[Task to complete] Only the pictures are dropped; the lines of the material that follow are returned exactly.

[Exercise data]
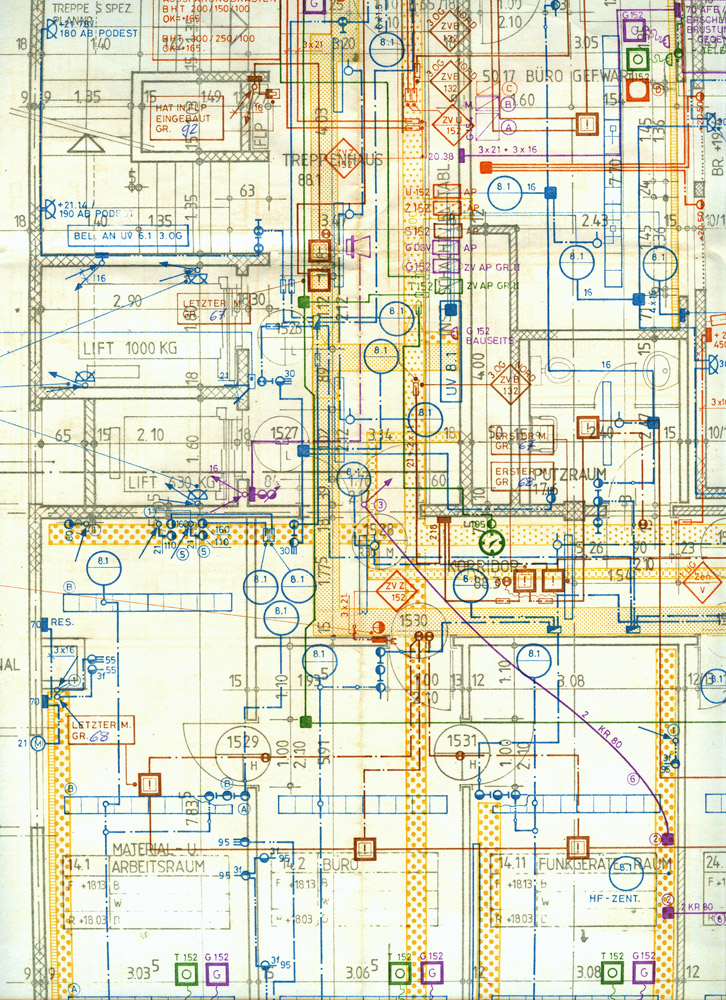 Die Korrespondenz der 70er wurde auf einer mechanischen Schreibmaschine getippt. Rapidographen mit Tusche, Zirkel und Schablonen waren klassische Zeichner-Hilfsmittel. Dispositionen oder Installationen zeichnete man auf Transparentpapier. Mehrfarbige Installationspläne wurden im Plandruckverfahren hergestellt. Der 6-Farben-Druck beanspruchte eine Woche! Ein grosser Schritt war die Einführung des Natels 1978 (ein 20-kg-Kasten für gut CHF 10’000), in den 80ern taucht der Fax auf und Anfang 90er wurden für CHF 429’504 ganze vier CAD-Arbeitsplätze realisiert. Heute ist BIM (Building Information Modeling) Standard in der HHM Gruppe. Und mit BIM kommt eine fun-damentale Zäsur, weil sich die Art und Weise, wie wir planen, nach 70 Jahren verändert.
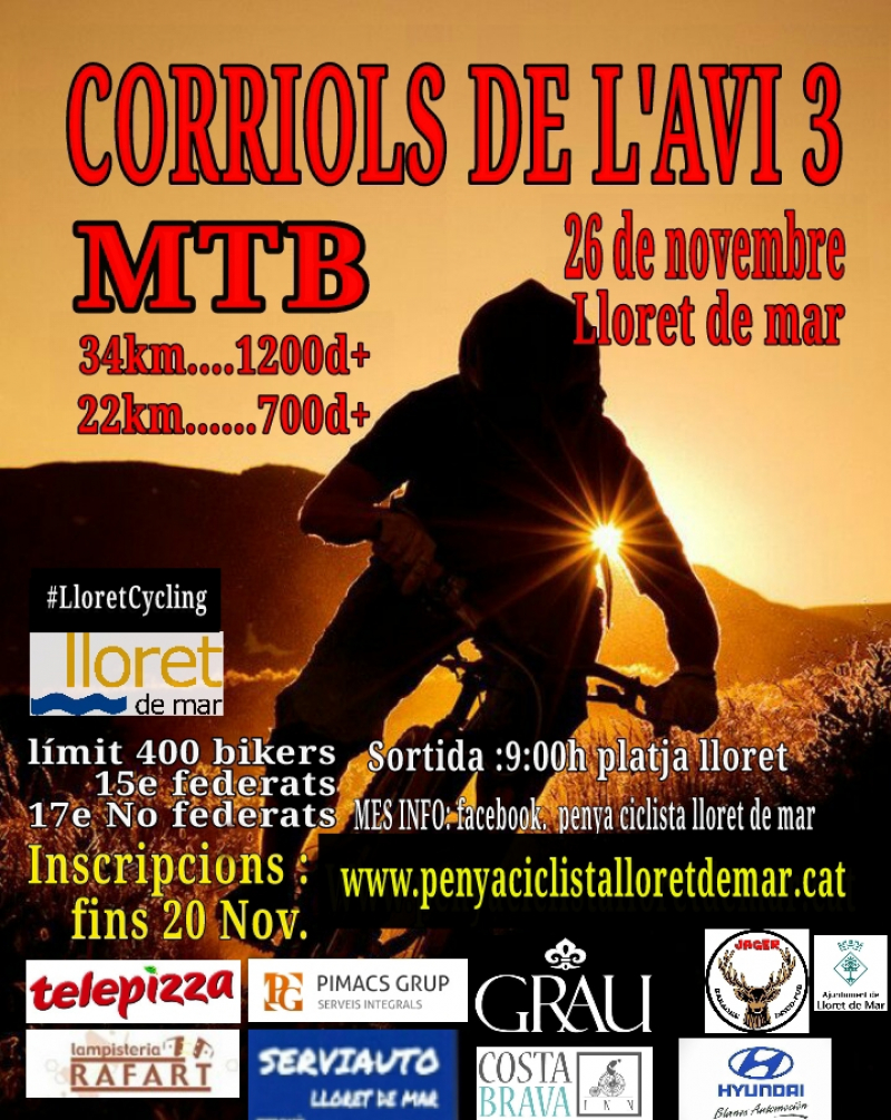 El proper diumenge 26 de novembre, a les 9 h, a sa Caleta, Lloret de Mar donarà el tret de sortida a la tercera edició dels Corriols de l’Avi, una cursa BTT que recorre els boscos de Lloret, passant per espais emblemàtics com l’Àngel, Sant Pere del Bosc o les Alegries, i que ofereix dues distàncies: 22 quilòmetres, amb un desnivell de 650, i 34 quilòmetres, amb un desnivell de 1.200. La Penya Ciclista de Lloret, organitzadors de la cursa, expliquen que es diu Corriols de l’Avi “Perquè són els corriols antics i els volem mantenir i preservar”.
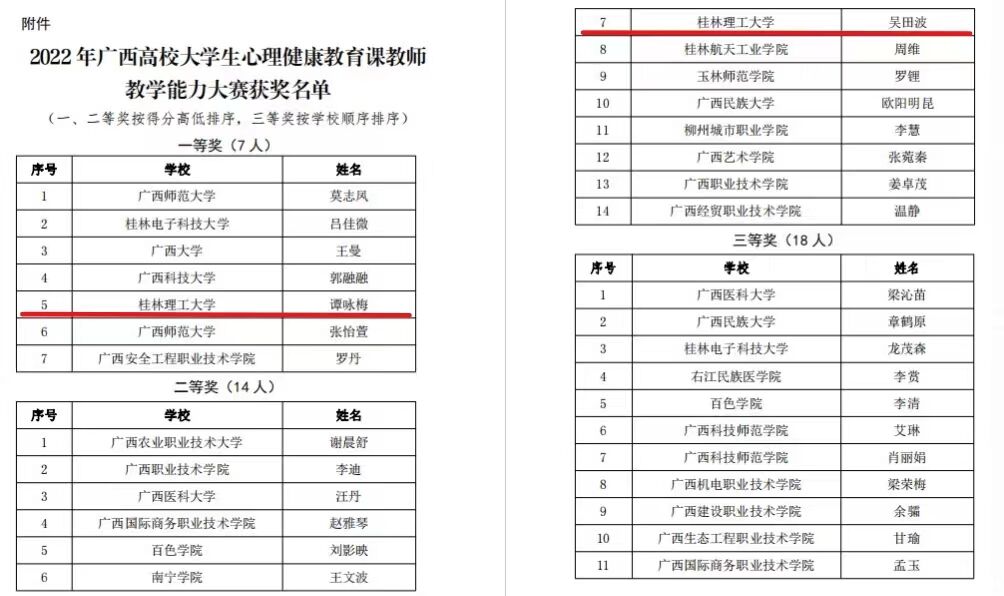 近日,由自治区党委教育工委、自治区教育厅主办,广西师范大学承办的2022年广西高校大学生心理健康教育课教师教学能力大赛决赛在桂林市举行。Beat365官网谭咏梅老师和吴田波老师分别荣获教学能力大赛一等奖和二等奖。
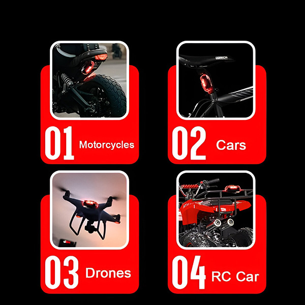 Šie žibintai yra neįtikėtinai universalūs ir sukurti taip, kad tiktų automobiliams, motociklams, dviračiams ir dronams. Pasirinkite vieną iš „Velcro“ ir guminių žiedų montavimo būdų, kad galėtumėte saugiai ir paprastai įrengti. Nereikia sudėtingų įrankių ar profesionalios pagalbos.
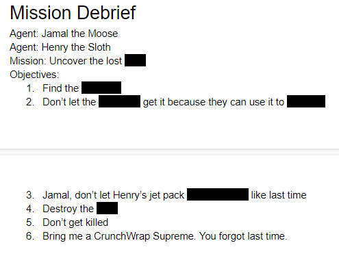 “We intercepted a message that someone plans to assassinate the president. We need you to go undercover to stop the assassination and save the president. Oh, and bring me back a Taco Bell CrunchWrap Supreme, I’m always hungry.”
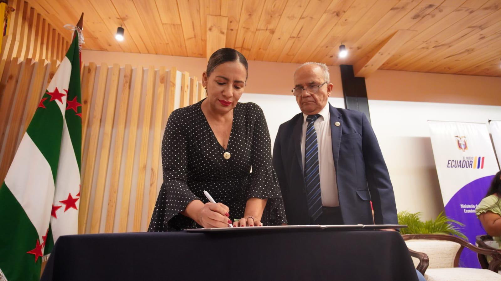 el alcalde de Salinas, Dennis Córdova, suscribieron dos convenios de cooperación técnico - económica para la atención de grupos prioritarios y vulnerables de este cantón. Uno tendrá una inversión de cerca de USD 44 mil y permitirá atender a alrededor de 120 personas con discapacidad en la modalidad domiciliar; mientras que el otro es de alrededor de USD 10 mil y beneficiará con atención a 125 adultos mayores, con la modalidad espacios de socialización y encuentro.

[Result]
 Die Korrespondenz der 70er wurde auf einer mechanischen Schreibmaschine getippt. Rapidographen mit Tusche, Zirkel und Schablonen waren klassische Zeichner-Hilfsmittel. Dispositionen oder Installationen zeichnete man auf Transparentpapier. Mehrfarbige Installationspläne wurden im Plandruckverfahren hergestellt. Der 6-Farben-Druck beanspruchte eine Woche! Ein grosser Schritt war die Einführung des Natels 1978 (ein 20-kg-Kasten für gut CHF 10’000), in den 80ern taucht der Fax auf und Anfang 90er wurden für CHF 429’504 ganze vier CAD-Arbeitsplätze realisiert. Heute ist BIM (Building Information Modeling) Standard in der HHM Gruppe. Und mit BIM kommt eine fun-damentale Zäsur, weil sich die Art und Weise, wie wir planen, nach 70 Jahren verändert.
 El proper diumenge 26 de novembre, a les 9 h, a sa Caleta, Lloret de Mar donarà el tret de sortida a la tercera edició dels Corriols de l’Avi, una cursa BTT que recorre els boscos de Lloret, passant per espais emblemàtics com l’Àngel, Sant Pere del Bosc o les Alegries, i que ofereix dues distàncies: 22 quilòmetres, amb un desnivell de 650, i 34 quilòmetres, amb un desnivell de 1.200. La Penya Ciclista de Lloret, organitzadors de la cursa, expliquen que es diu Corriols de l’Avi “Perquè són els corriols antics i els volem mantenir i preservar”.
 近日,由自治区党委教育工委、自治区教育厅主办,广西师范大学承办的2022年广西高校大学生心理健康教育课教师教学能力大赛决赛在桂林市举行。Beat365官网谭咏梅老师和吴田波老师分别荣获教学能力大赛一等奖和二等奖。
 Šie žibintai yra neįtikėtinai universalūs ir sukurti taip, kad tiktų automobiliams, motociklams, dviračiams ir dronams. Pasirinkite vieną iš „Velcro“ ir guminių žiedų montavimo būdų, kad galėtumėte saugiai ir paprastai įrengti. Nereikia sudėtingų įrankių ar profesionalios pagalbos.
 “We intercepted a message that someone plans to assassinate the president. We need you to go undercover to stop the assassination and save the president. Oh, and bring me back a Taco Bell CrunchWrap Supreme, I’m always hungry.”
 el alcalde de Salinas, Dennis Córdova, suscribieron dos convenios de cooperación técnico - económica para la atención de grupos prioritarios y vulnerables de este cantón. Uno tendrá una inversión de cerca de USD 44 mil y permitirá atender a alrededor de 120 personas con discapacidad en la modalidad domiciliar; mientras que el otro es de alrededor de USD 10 mil y beneficiará con atención a 125 adultos mayores, con la modalidad espacios de socialización y encuentro.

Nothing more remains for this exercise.